定义1:隐式方程
设\(D \subset \mathbb{R}^2\)是一开集,\(F: D \to \mathbb{R}\)是一个含有两个自变量\(x,y\)的函数,对于\(D\)中的点\((x,y)\)满足方程
\[ F(x,y) = 0 \]
的点的全体组成\(D\)内的一条曲线,而方程就称为该曲线的隐式方程。
定理1:隐函数定理
设开集\(D \subset \mathbb{R}^2\),函数\(F: D \to \mathbb{R}\)满足条件:
(a)\(F \in C^1(D)\);
(b)点\((x_0,y_0) \in D\)使得\(F(x_0,y_0) = 0\);
(c)\(\dfrac{\partial F(x_0,y_0)}{\partial y} \ne 0\)
那么存在一个包含\((x_0,y_0)\)的开矩形\(I \times J \subset D\),使得:
(1)对每一个\(x \in I\),方程\(F(x,y)=0\)在\(J\)中有唯一的解\(f(x)\);
(2)\(y_0 = f(x_0)\);
(3)\(f \in C^1(I)\);
(4)当\(x \in I\)时,有
\[ f^\prime(x) = -\frac{\frac{\partial F}{\partial x}(x,y)}{\frac{\partial F}{\partial y}(x,y)} \]
其中\(y = f(x)\)。
证:不妨设\(\displaystyle \frac{\partial
F(x_0,y_0)}{\partial y} > 0\),由条件\((a)\)可知,存在一个包含\((x_0,y_0)\)的开矩形\(I^\prime \times J\),满足\(I^\prime \times \bar J \subset
D\),且在\(I^\prime \times \bar
J\)上有\(\displaystyle \frac{\partial
F}{\partial y} > 0\)。从而对任意给定的\(x \in I^\prime\),\(F(x,y)\)在闭区间\(\bar J\)上是严格递增的连续函数。

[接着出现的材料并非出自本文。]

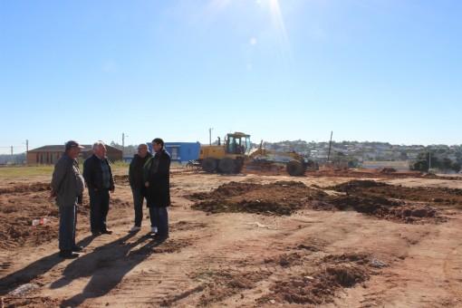 O início do trabalho no terreno foi acompanhado na manhã de sexta-feira, pelo Secretário de Obras Ilson Tondo e pelo Vereador Boca Torres acompanhado do Caçapavano Giordano Borba, assessor do Gabinete do Governador do Estado.
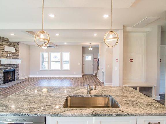 -Large 2 story floor plan. 5 bedrooms, with master on main level and 3 bedrooms upstairs with bonus (or 5th bedroom). Kitchen island overlooks great room with stone fireplace. Covered deck. Tiled oversized master shower. Huge WIC in master. This is A copyrighted floor plan of Hawkins Homes.

设\(J = (c,d)\),由条件\((b)\)可知必有
\[
F(x_0, c) < 0, \quad F(x_0, d) > 0
\]
由条件\((a)\)能推出\(F \in C(D)\),因此存在含\(x_0\)的开区间\(I
\subset I^\prime\),使得当\(x \in
I\)时,
\[
F(x, c) < 0, \quad F(x, d) > 0
\]
由连续函数的零值定理和严格单调性可知,对每一个\(x \in I\),存在唯一的一个数,记作\(f(x) \in (c, d) = J\),使得\(F(x, f(x)) =
0\),这就证明了(1),显然\(f\)满足(2)。
为了证明(3)和(4),先证明\(f\)在开区间\(I\)上连续。特别地,\(x_0 \in I\),由上面的证明可知无论区间\(J\)取得多小,一定存在足够小的区间\(I\)使得对每一个\(x \in I\)时,有\(f(x) \in J\);这时\(|f(x) - f(x_0)| < |J|\),其中\(|J|\)表示区间\(J\)的长度。即证明了\(f\)在\(x_0\)处连续。现任取\(x_1 \in I\),设\(y_1 = f(x_1)\),则\((x_1,y_1) \in I \times J\)。因为有\(F(x_1,y_1)=0\),\(\displaystyle \frac{\partial F(x_1,y_1)}{\partial
y} > 0\),所以\(F\)在点\((x_1,y_1)\)处满足它在\((x_0,y_0)\)处的同样条件,所以\(f\)在\(x_1\)处也是连续的,从而\(f\)在整个区间\(I\)上连续。
再证(3)和(4)。设\(x \in
I\),取\(h\)很小,使得\(x+h \in I\)。令\(y = f(x)\),\(k =
f(x+h) - f(x)\)。由\(F\)的可微性,并利用函数导数八的定理1可得
\[
0 = F(x+h, y+k) - F(x, y) = \frac{\partial F}{\partial x}(x, y) h +
\frac{\partial F}{\partial y}(x, y) k + \alpha h + \beta k
\]
其中当\(h \to 0\)时,\(\alpha \to 0\),当\(k \to 0\)时,\(\beta \to 0\)。又由于\(f \in C(I)\),所以当\(h \to 0\)时,\(k
\to 0\),从而\(\beta \to
0\)。从而
\[
\lim \limits_{h \to 0} \frac{f(x + h) - f(x)}{h} = \lim \limits_{h
\to 0} \frac{k}{h} = \lim\limits_{h \to 0} \frac{-\frac{\partial
F}{\partial x} + \alpha}{\frac{\partial F}{\partial y} + \beta}
\]
即
\[
f^\prime(x) = - \frac{\frac{\partial F}{\partial x} (x,
y)}{\frac{\partial F}{\partial y} (x,y)}
\]
其中\(x \in I\)且\(y = f(x)\)。由于\((a)\)知,\(f^\prime\)在\(I\)上连续。
Q.E.D.
定理2
设开集\(D \subset \mathbb{R}^{n+1}\),\(F: D \to \mathbb{R}\),满足条件:
(a)\(F \in C^1(D)\);
(b)\(F(\boldsymbol{x}_0, y_0) = 0\),这里\(\boldsymbol{x}_0 \in \mathbb{R}^n,y_0 \in \mathbb{R}\)且\((\boldsymbol{x}_0, y_0) \in D\);
(c)\(\dfrac{\partial F(\boldsymbol{x}_0, y_0)}{\partial y} \ne 0\)。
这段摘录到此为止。